Nowadays a highly sophisticated form of commercial embargo, sanctions have had a long and varied history. From sports bans (South Africa and apartheid) to clampdowns on oil and gas extraction and revenue (Russia and Crimea) to exclusion from financial markets and personal travel (Iran and North Korea), governments have leveraged the ordinary movements and transactions of citizens and corporates in the pursuit of geopolitical goals.

But in an increasingly interconnected world, there are some wildcard consequences.

For a start, many of those citizens and corporates lack awareness of the reach of sanction laws into their lives and activities. The High Court is now considering how and when traces of past domicile or allegiance disqualify an Australian citizen from political office.
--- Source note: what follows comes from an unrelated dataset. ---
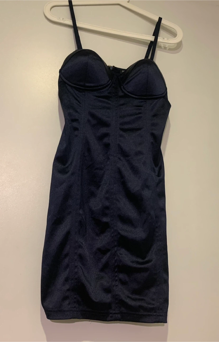1. (Used once) Fashion Nova Satin Dress - Navy, Size M (slide 1-3) $25 SOLD

Australians love to travel and work around the world, often not thinking of the personal legal nexus that accompanies them wherever they go or get involved in international projects. Corporate risk procedures are beginning to dive deep enough to uncover and manage this aspect of senior employee risk.
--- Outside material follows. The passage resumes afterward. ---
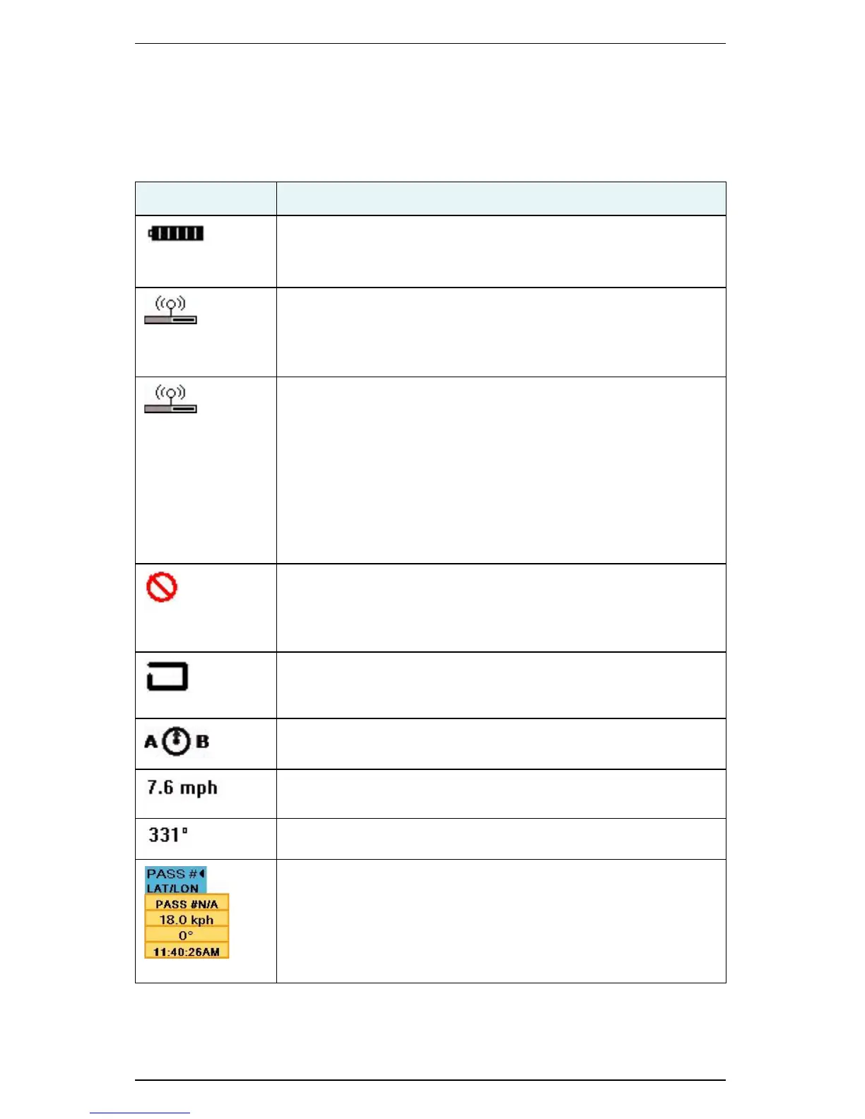 The S3 has several operational status indicators that appear on the Map screen or on

Enforcement of sanction laws is resource constrained and shaped by policy. The UK’s announcement in 2016 of a new Office of Financial Sanctions Implementation (OFSI) tacitly acknowledged that making expensive examples of a few highly visible targets is not the same as inculcating a widespread awareness of or adherence to the letter of EU sanction laws. 

Of course sanction laws come at a cost to business. In Australia, balancing the national economic interest is a consideration that must be applied at the point of administrative decision when seeking Department of Foreign Affairs’ approval to engage in activity that is or could be caught by an Australian sanction law.

Understanding how sanctions come to bear on particular transactions, entities and individuals is complex and calls for experienced advice.

As global tensions rise, so do the demands on diplomacy and the attraction of making ever greater use of sanctions – because although they don’t always work perfectly, or quickly, they are an expedient short of more irreversible forms of intervention. When consensus eludes the UN, more or stronger measures by individual sovereign states often follow.  Economic blockades are at least as old as the Athenian naval control over the ports of Peloponnessus in the 4th century BC but Qatar’s experience of blockade recently revived in plain sight what it means when essential goods can’t be moved by sea and air routes, and individuals’ freedom to travel is suddenly removed.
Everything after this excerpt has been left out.